Arbocel MF40, which is a commercial nanofiber cellulose produced by Rettenmaier & Söhne GmbH (JRS). The sample was a dry powder with consistency of 99.5%.

Methods to test the cyto- and genotoxigological properties of nanocelluloses were introduced. The biological effects were assessed using in vitro bioassays. Immediate cytotoxicity was studied in several human or animal cell lines and sublethal effects were tested on cultured human cells. The ability to damage DNA was assessed using a bacteriological assay. The samples were characterized using a combination of analytical methods, including scanning electron microscopy (SEM), viscosity and transmittance measurements, and nanoparticle-tracking-analysis (NTA, NanoSight Ltd.). The 1P Masuko NFC consists of long and curly fibrils with a high aspect ratio (Fig. 1A). The size range of fibrils is wide: Thickness varies from 20 to 1000 nm and fibril length up to several micrometers. The diameter of the smallest fibrils is around 20-60 nm, but there are a lot of fibrils also in the size range of 100-350 nm. Since the 1P Masuko NFC has been grinded only once, there are also some unfibrillated fibers.

The commercial Arbocel MF40 consists of whisker-like fibrils. Both fibril size and morphology differ clearly from the 1P Masuko NFC. The fibrils are shorter and needle like with a low aspect ratio (Figs. 1B and 1C). Most of the fibrils have a diameter in the range of 20-100 nm. There are a lot of small fibrils but also some fiber fragments, whose length is in the micrometer range. The thickness of the thinnest fibrils is about 10 nm with a length up to 400-500 nm.

A B C Figure 1. SEM micrographs of A) 1 P Masuko NFC and B,C) Arbocel MF40. The scale bars are 20 µm (A), 30 µm (B) and 1 µm (C). The toxicological tests did not indicate any cyto- or genotoxic properties. The cytotoxicity was analyzed with Highest Tolerated Dose (HTD) and Total Protein Concentration (TPC) assays in mouse hepatoma (Hepa-1c7c), human keratinocyte (HaCat) and human cervix carcinoma (HeLa229) cell cultures. Neither were the nanocelluloses genotoxic, since no indication of damage in DNA, based on the Ames test, was observed. The results show that the applied tests suit well to screen toxicological aspects of nanocelluloses. However, method development is still needed e.g. to obtain effective and inert sterilization methods. In addition, further studies will be needed to address the toxicological properties of different nanocellulose qualities, especially those with smaller fibril dimensions. 1. FDA CFR 21 §§ 186.1673 Pulp. Available in Internet (5.7.2010):

http://ecfr.gpoaccess.gov/cgi/t/text/text-idx?c=ecfr&tpl=/index.tpl 2. Federal Institute for Risk Assessment. BfR Recommandations on Food Contact Materials.

XXXVI Paper and board for food contact (1.6.2009). Available in Internet (5.7.2010): http://bfr.zadi.de/kse/faces/resources/pdf/360-english.pdf

3. Elintarviketurvallisuusvirasto Evira. Elintarvikkeiden lisäaineiden E-koodiavain (in Finnish) Available in Internet (5.7.2010): http://www.evira.fi/uploads/WebShopFiles/1197635026443.pdf

4. O’Connor B. Ensuring the safety of manufactured nanocrystalline cellulose. Presentation in OECD Conference July 15-17 2009, Paris.

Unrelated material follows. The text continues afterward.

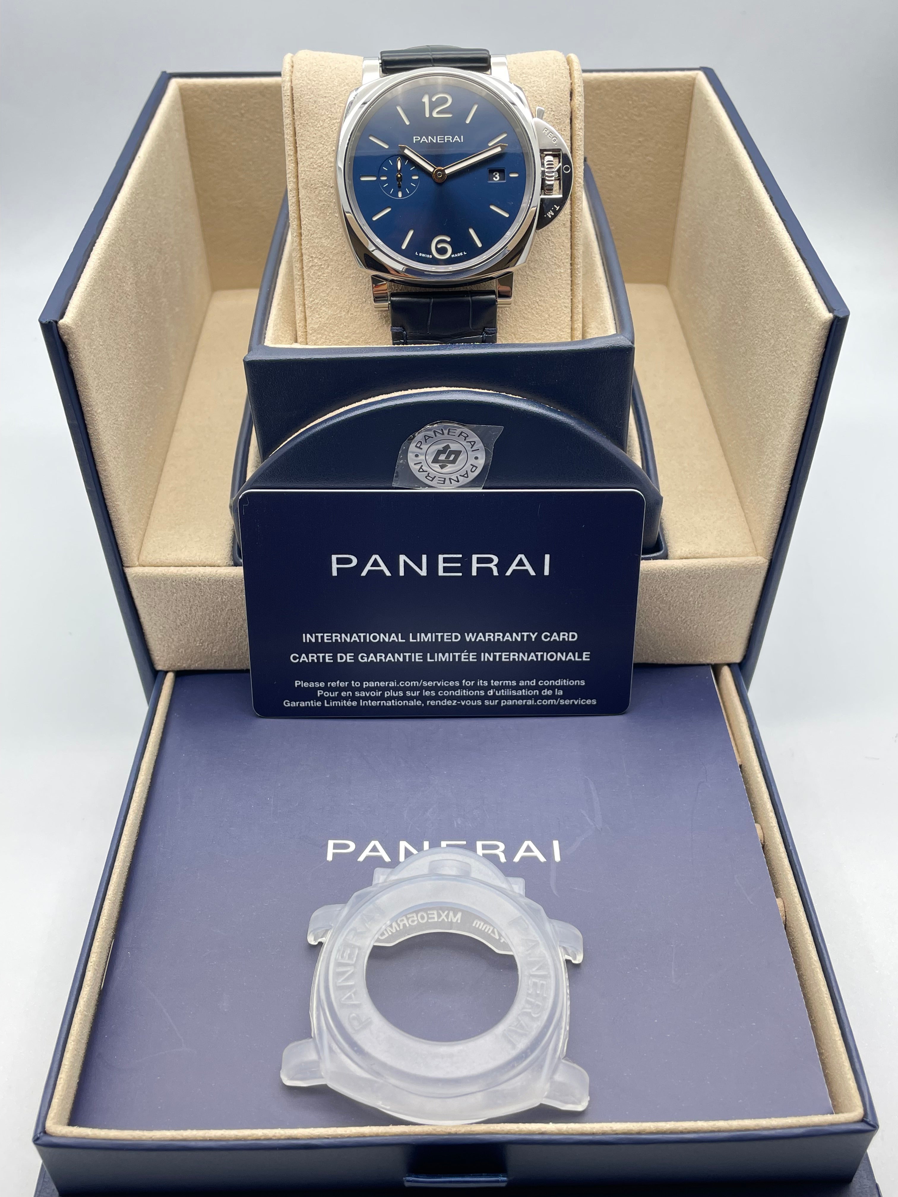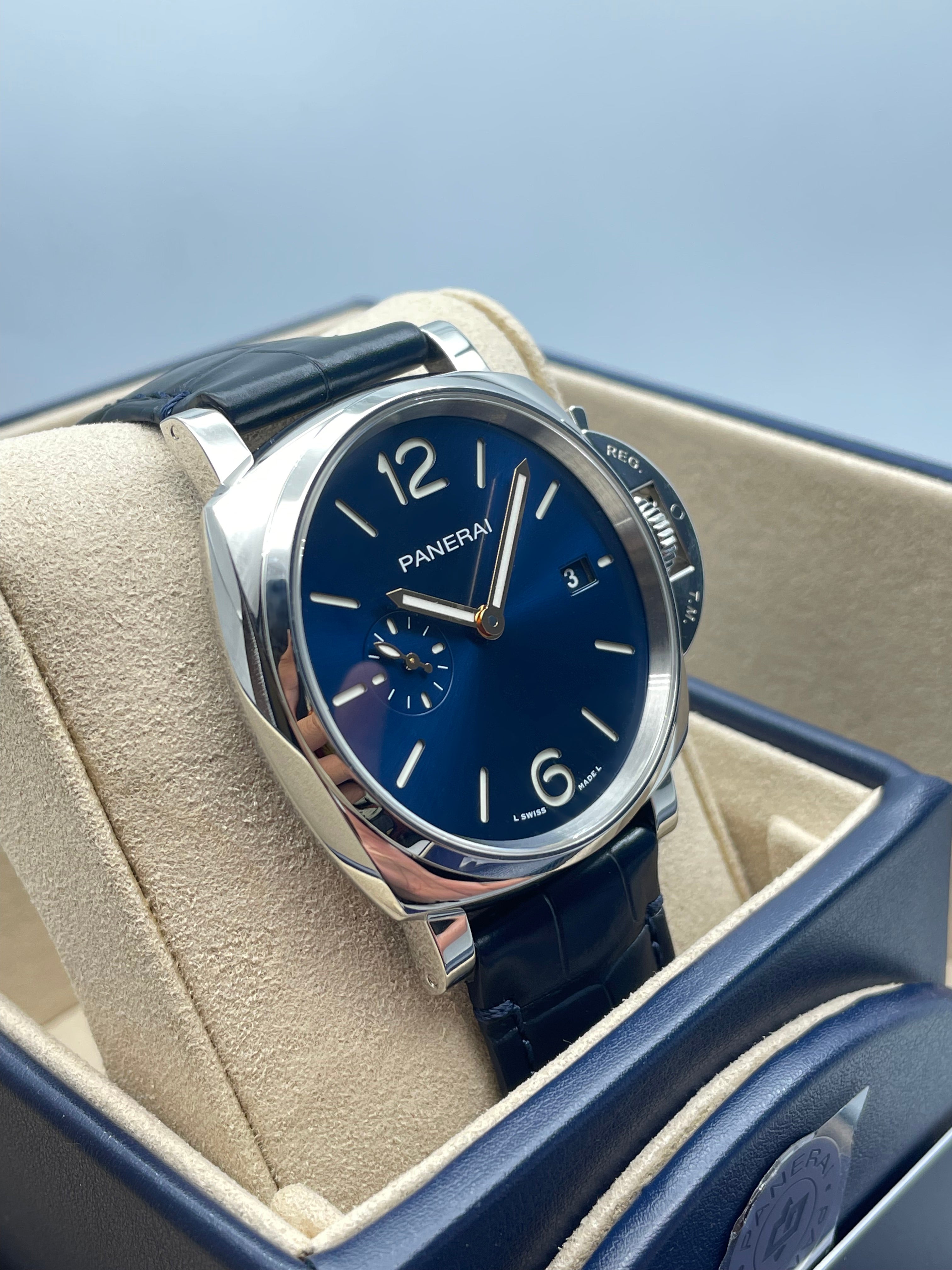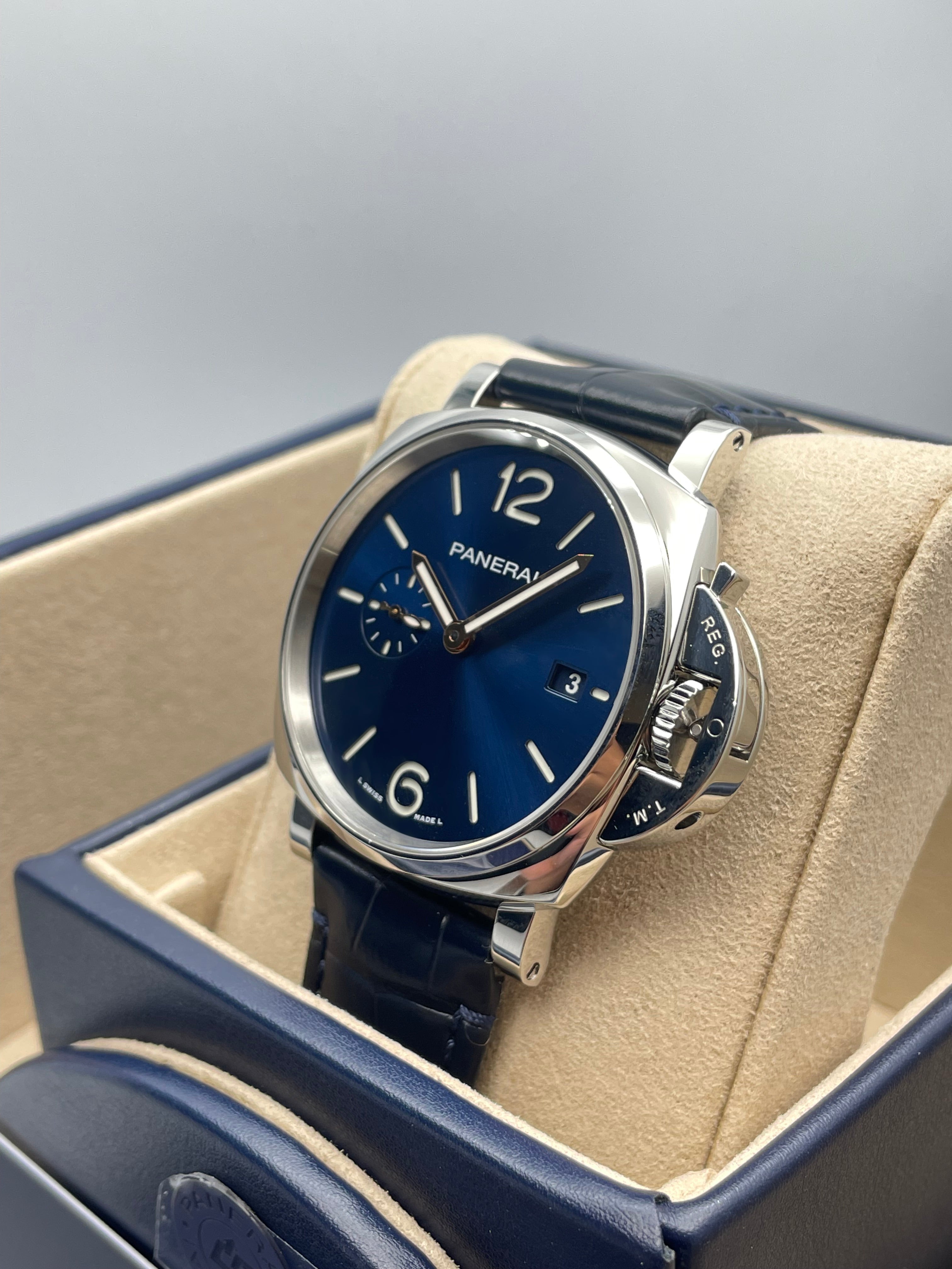 The Panerai Luminor Due 42mm PAM01429 is a sleek and modern interpretation of Panerai's iconic Luminor design, reimagined with a more refined and versatile aesthetic. At 42mm, the case is significantly slimmer than traditional Luminor models, making it more wearable for those with smaller wrists or those seeking a more elegant daily watch. Crafted in stainless steel, the watch maintains Panerai’s signature cushion-shaped case and prominent crown guard, which give it that unmistakable Luminor look, but with a contemporary touch suited for both casual and formal settings.

5. Rojas OJ, Laine J and Österberg M. Nanocellulose – Materials, Functions and Environmental aspects. Presentation in OECD Conference on Potential Environmental Benefits of Nanotechnology, Paris – France, 15-17 July 2009.

6. Vartiainen J, Sirola K, Pylkkänen L, Alenius H, Hokkinen J, Tapper U, Lahtinen P, Kapanen A, Putkisto K, Hiekkataipale P, Eronen P, Ruokolainen J, and Laukkanen A. Health and environmental safety aspects of friction grinding and spray drying of microfibrillated cellulose. Submitted to Cellulose 5.7.2010.

7. Moreira S, Silva NB, Almeida-Lima J, Rocha HAO, Medeiros SRB, Alves J, Gama FM. In vitro study of genotoxicity and cell proliferation. Toxicology letters 189:235-241.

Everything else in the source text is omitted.